Hi every one! I've been using tuxedo pipeline for RNAseq analysis and now I'm stock with cummRbund. I've used a reference annotation.gtf in my tophat and cufflinks runs. in this annotation my gene of interest has only two isoforms but when I try to visualize expression bar plots for isoforms using cummRbund it result in to 3 variants. its weired because when I load my annotation.gtf to IGV I can clearly see that there are only 2 transcripts for my gene.

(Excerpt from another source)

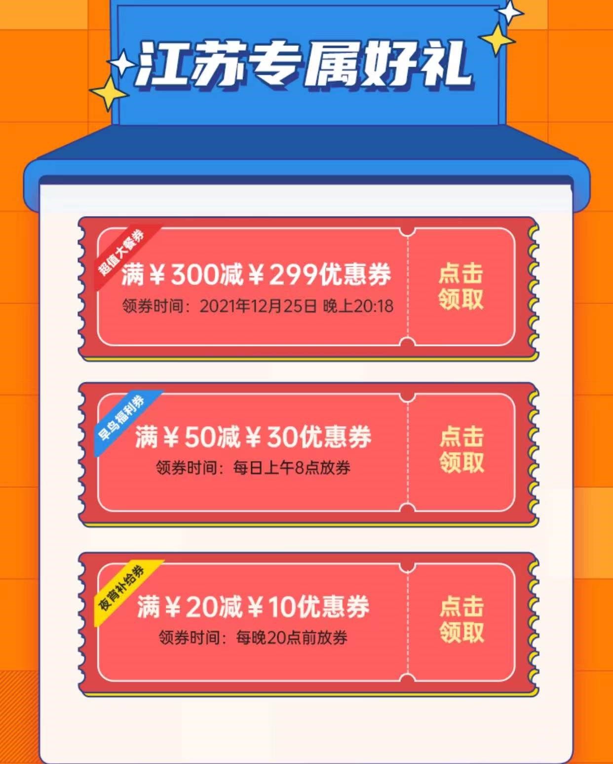 16日-31日,每天早晨8点,建行生活APP的江苏省注册用户可以在活动页面领取零食狂欢节满50减30元的早鸟福利券。每天发放哦,每人每天限领1张。每天晚上8点,可以在活动页面领取满20立减10元的夜宵补给券,每天晚上发放哦,每天!早鸟券和夜宵券都是先到先得,手慢只能怪网速了~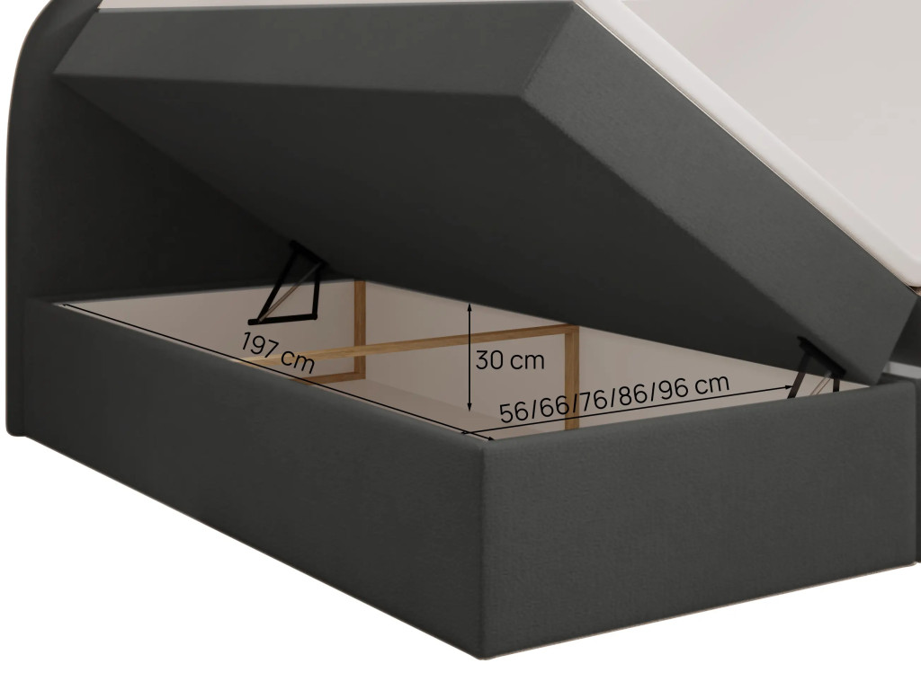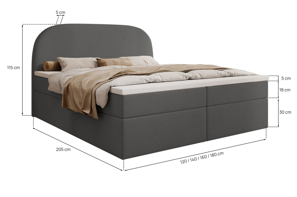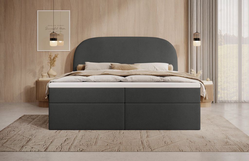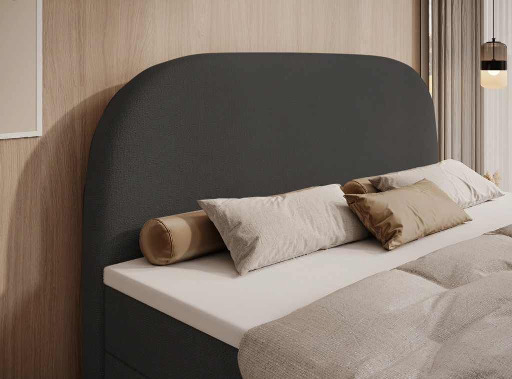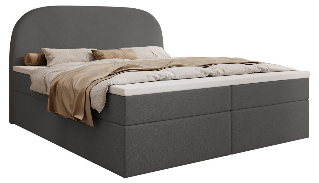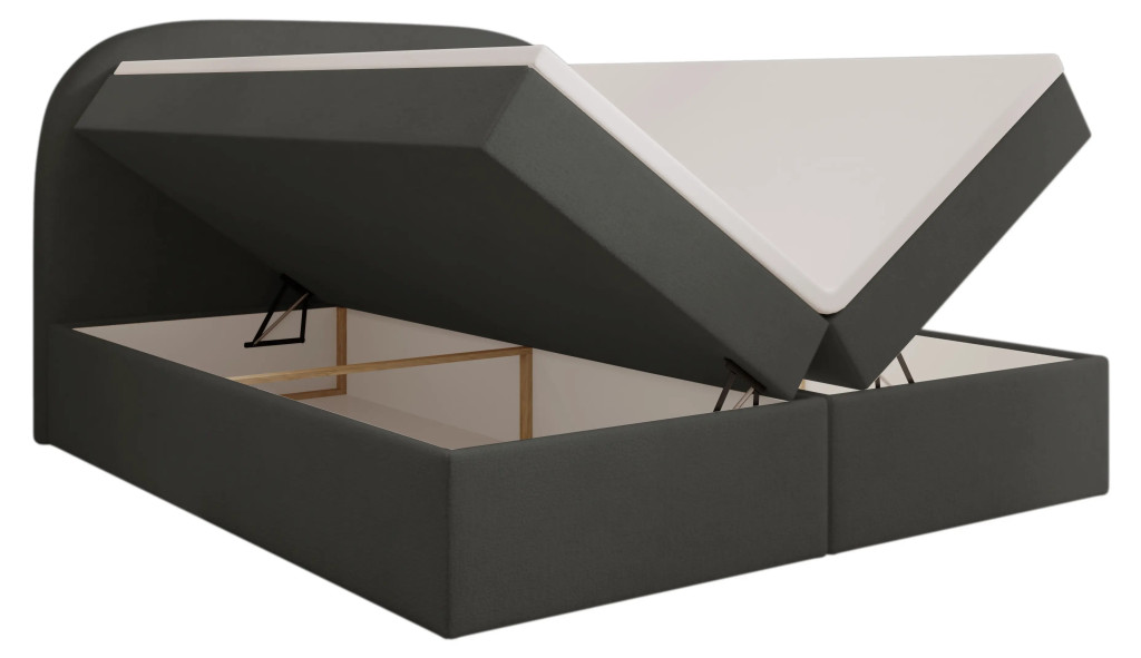 Prémium Boxspring ágy, kétoldali, nagy kapacitású ágyneműtartóval, lamellás ágyráccsal és Bonellrugós H2 matraccal. A 115 cm magas, ívelt fejtámla kényelmes olvasást és tévézést biztosít, a 51 cm-es peremmagasság pedig könnyű ki- és beszállást nyújt; anyaga részben tömör fa váz és tartós struktúrszövet Jasmine 100 színben.

trying to understand a little more I view isoforms cuffFeature of my gene using cummrbund annotation function and saw that one of isoforms is repeated twice but with different length:
isoform_id gene_id CDS_id gene_short_name TSS_group_id class_code nearest_ref_id locus length
1 TCONS_00047384 XLOC_021135 NA NR_026816 TSS26199 = NR_026816 chr6:31132113-31154094 593
2 TCONS_00047385 XLOC_021135 NA LC050987 TSS26200 j LC050987 chr6:31132113-31154094 885
3 TCONS_00047386 XLOC_021135 NA LC050987 TSS26200 = LC050987 chr6:31132113-31154094 1369
coverage gene_id class_code nearest_ref_id gene_short_name locus length coverage
1 NA XLOC_021135 <NA> <NA> LC050987,NR_026816 chr6:31132113-31154094 NA NA
2 NA XLOC_021135 <NA> <NA> LC050987,NR_026816 chr6:31132113-31154094 NA NA
3 NA XLOC_021135 <NA> <NA> LC050987,NR_026816 chr6:31132113-31154094 NA NA
any help on why this is happening or how to fix it is appreciated.